Option 1: Docker Compose (Fastest)
curl -O https://raw.githubusercontent.com/waelouf/unweb/main/docker/docker-compose.yml
docker-compose -f docker-compose.yml up
Visit http://localhost:8081 and paste HTML or upload a file.
Option 2: API Usage
# Convert HTML from stdin
curl -X POST http://localhost:8080/api/convert/paste \
-H "Content-Type: application/json" \
-d '{"html":"<h1>Hello AI</h1><p>Clean content for agents</p>"}' \
| jq -r '.markdown'
# Output:
# # Hello AI
#
# Clean content for agents
Option 3: Kubernetes
kubectl apply -f https://raw.githubusercontent.com/waelouf/unweb/main/kubernetes/all-in-one.yaml
Why We Built This
As developers working with AI agents, we kept running into the same problem: getting clean content into our systems.
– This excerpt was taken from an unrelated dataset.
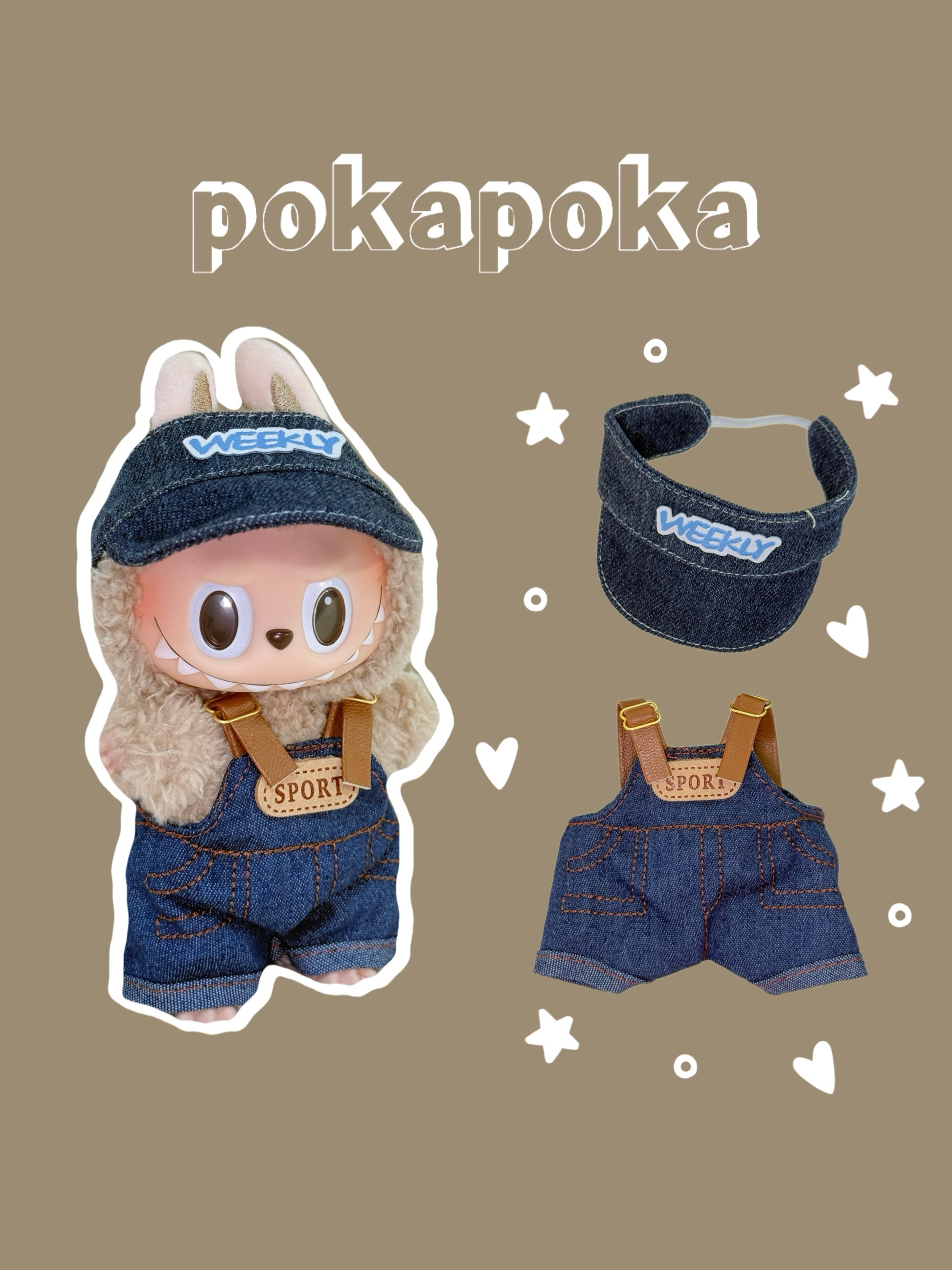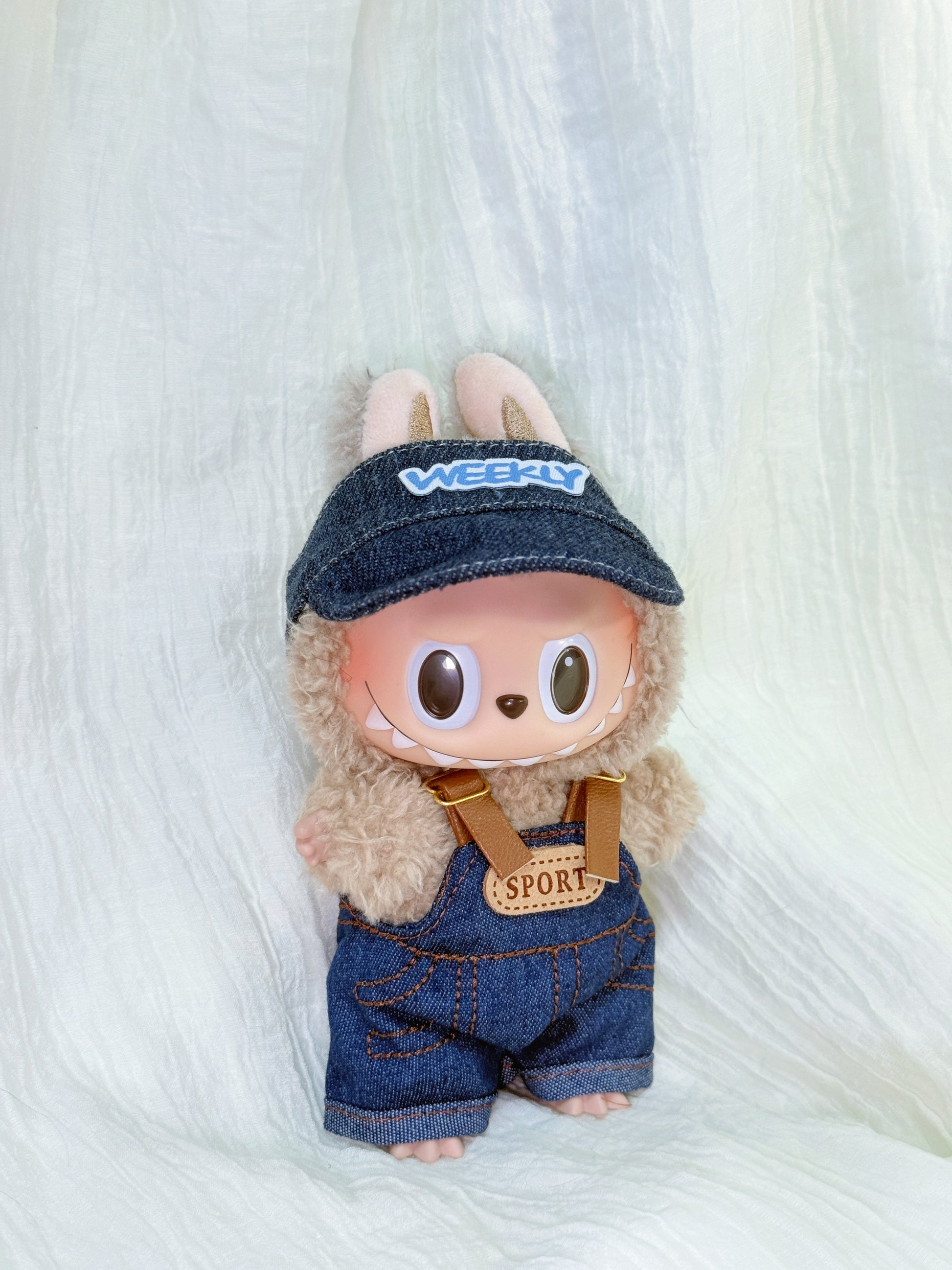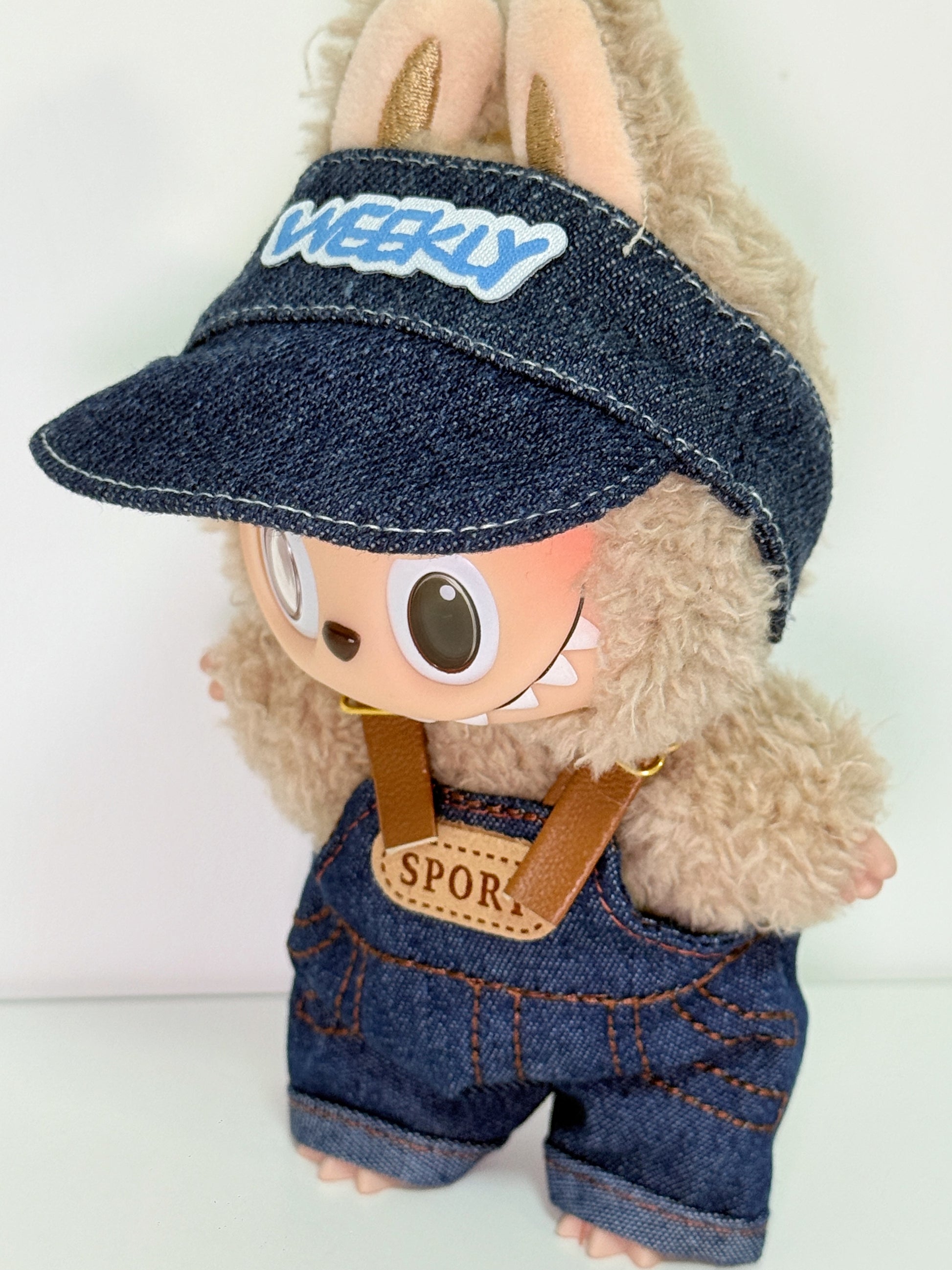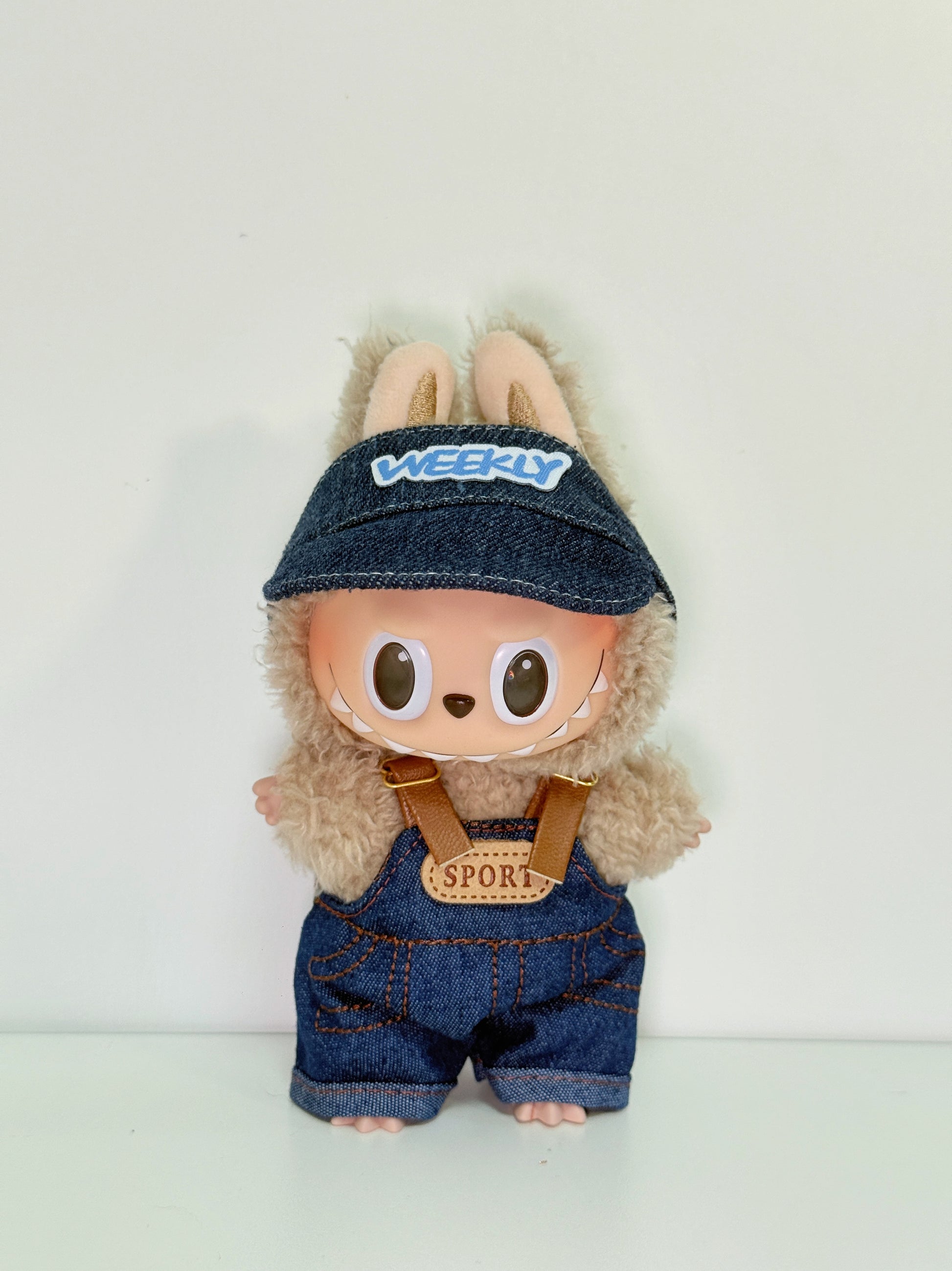 Labubu Clothes – Denim Overalls & Sporty Cap Set (Handmade Streetwear Look)

We tried:
- Browser automation (slow, resource-heavy)
- Generic HTML parsers (too much noise)
- Manual preprocessing (doesn’t scale)
- Commercial APIs (expensive, vendor lock-in)
We needed something that was:
- Fast: Process thousands of pages
- Accurate: Smart content extraction
- Self-hosted: Control your infrastructure
- Free: Open source, deploy anywhere
So we built UnWeb.
The Technical Stack
For the curious:
Backend:
- ASP.NET Core .NET 10 (Minimal APIs)
Frontend:
- Vue 3 with Vite
- File upload + paste support
Deployment:
- nginx for static frontend
- Separate containers for frontend/backend
- Path-based routing via ingress
CommonMark, Not GitHub Flavored
UnWeb outputs strict CommonMark, not GitHub Flavored Markdown. This was intentional:
Why CommonMark?
- Universal standard
- Predictable parsing
- Better for LLMs (less ambiguity)
- Smaller output (no GFM extensions)
If you need GFM, the conversion is straightforward.
What’s Next for UnWeb
We’re keeping it focused, but here’s what’s on the roadmap:
Phase 2:
- URL fetching (pass a URL, get markdown back)
- Batch processing UI
- Custom extraction rules
Phase 3:
- Conversion history
- API authentication
- Webhook support for CI/CD
Maybe:
- Browser extension
- CLI tool
- Language bindings (Python, JavaScript)
Try It for Your AI Workflow
If you’re building AI agents that need to consume web content, give UnWeb a shot:
- Clone/Deploy: Get it running in 2 minutes
- Test with your content: Throw real HTML at it
- Measure the difference: Compare token usage before/after
- Integrate: Add it to your AI pipeline
Links:
- Deployment Repo: github.com/waelouf/unweb
- Docker Images: hub.docker.com/u/waelouf
- Documentation: See the README
Final Thoughts
We’re in the age of agentic AI. Your AI assistants, research agents, coding copilots—they all need clean, structured content to work effectively.
HTML was built for browsers. Markdown is built for humans (and now, AI agents).
UnWeb is the bridge.
It’s not glamorous infrastructure. It won’t make headlines. But it’s the kind of tool that makes your AI systems work better, cost less, and scale further.
And that’s exactly what good infrastructure should do.